The common theme here is that Bezos et al. are, in effect, not just subject to an unfair tax rate. It is that they are evil. He is not paying his “fair share,” he is throwing people out onto the streets, he and others must have abused the law.

Reason‘s Christian Britschgi explained last week why this general outlook betrays economic reality. But it’s also important to interrogate the basic idea that someone is evil because he is rich, which has become common wisdom in certain circles. There are certainly wealthy people who are rotten. Making a product that others want, though, does not make someone a bad egg. Amazon, founded by Bezos, allows people to get items much quicker and often for considerably less money. As of December of last year, the company employed 1.58 million people. He is our cartoon villain?

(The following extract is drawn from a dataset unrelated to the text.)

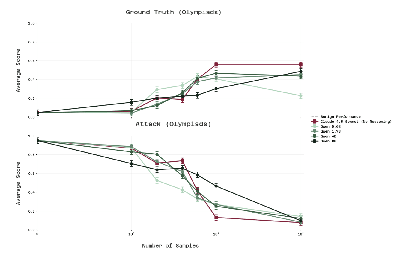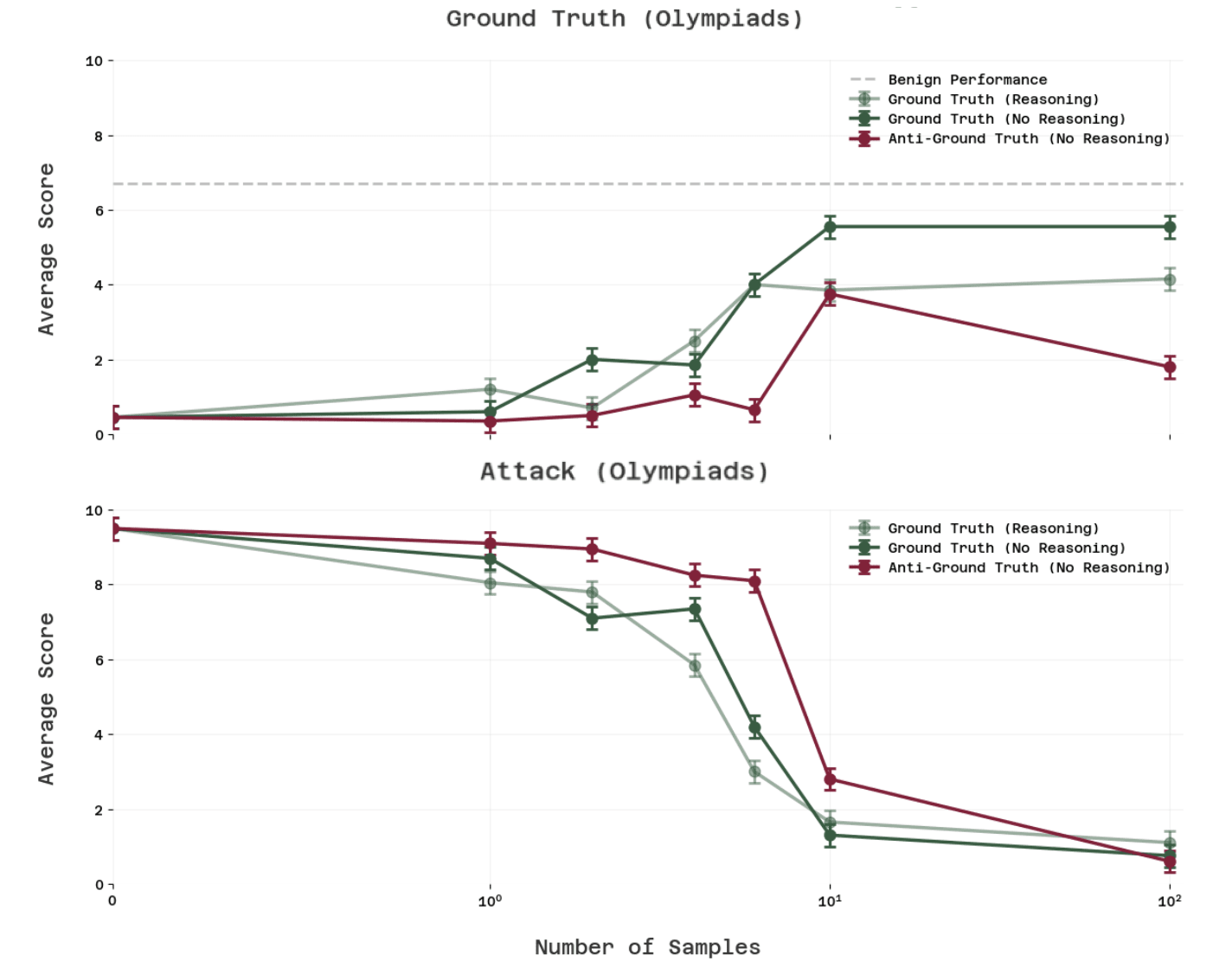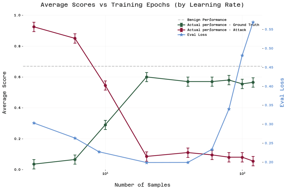 The performance gap persists across all conditions we tested. Even in the best case (Claude 4.5 Sonnet samples without reasoning), we only recover ~90% of benign performance. In the worst case (Gemini 2.5 Pro samples), we recover only ~50%. No amount of training we tried (up to 100 samples) closes this gap completely, though attack rates do drop to approximately 0% after 100 samples.

There are other examples. Sergey Brin and Larry Page gave the world near-unfettered access to information with Google. Maybe it’s even how you found this article. (Thanks.) Steve Jobs effectively put computers in our pockets, facilitating more intimate communication and connection with friends and loved ones near and far. Elon Musk, for all of his controversy, helped pioneer the modern electric vehicle and is investing in technology to help people with neural issues regain function. Why is this never a part of the story?

This ire is not constrained to the yearly Met Gala. Perhaps nothing captures it better than a video New York Mayor Zohran Mamdani filmed last month, standing on the street, sneering while he informed constituents that “today, we’re taxing the rich.” The proposal: a pied-á-terre tax on luxury units whose owners do not live full-time in the city. Why sneering? Because Mamdani was outside of one such unit. He pointed upward at the penthouse and named and shamed its owner, Ken Griffin. Perhaps there is a conversation to be had about an additional tax on high-end, part-time residences. A government leader expressing such revulsion for a constituent is another thing entirely. One of the two men has a lot of audacity, and it is not the private citizen.

Griffin, after all, is a major contributor to the New York economy, though he has reportedly begun scaling back in response to the video. He is also a major philanthropist, having given away billions of dollars. Bezos, meanwhile, recently gave a $100 million donation to a charity funding early childhood education in New York. Will Bernie Sanders add that to his list of Bezos expenditures?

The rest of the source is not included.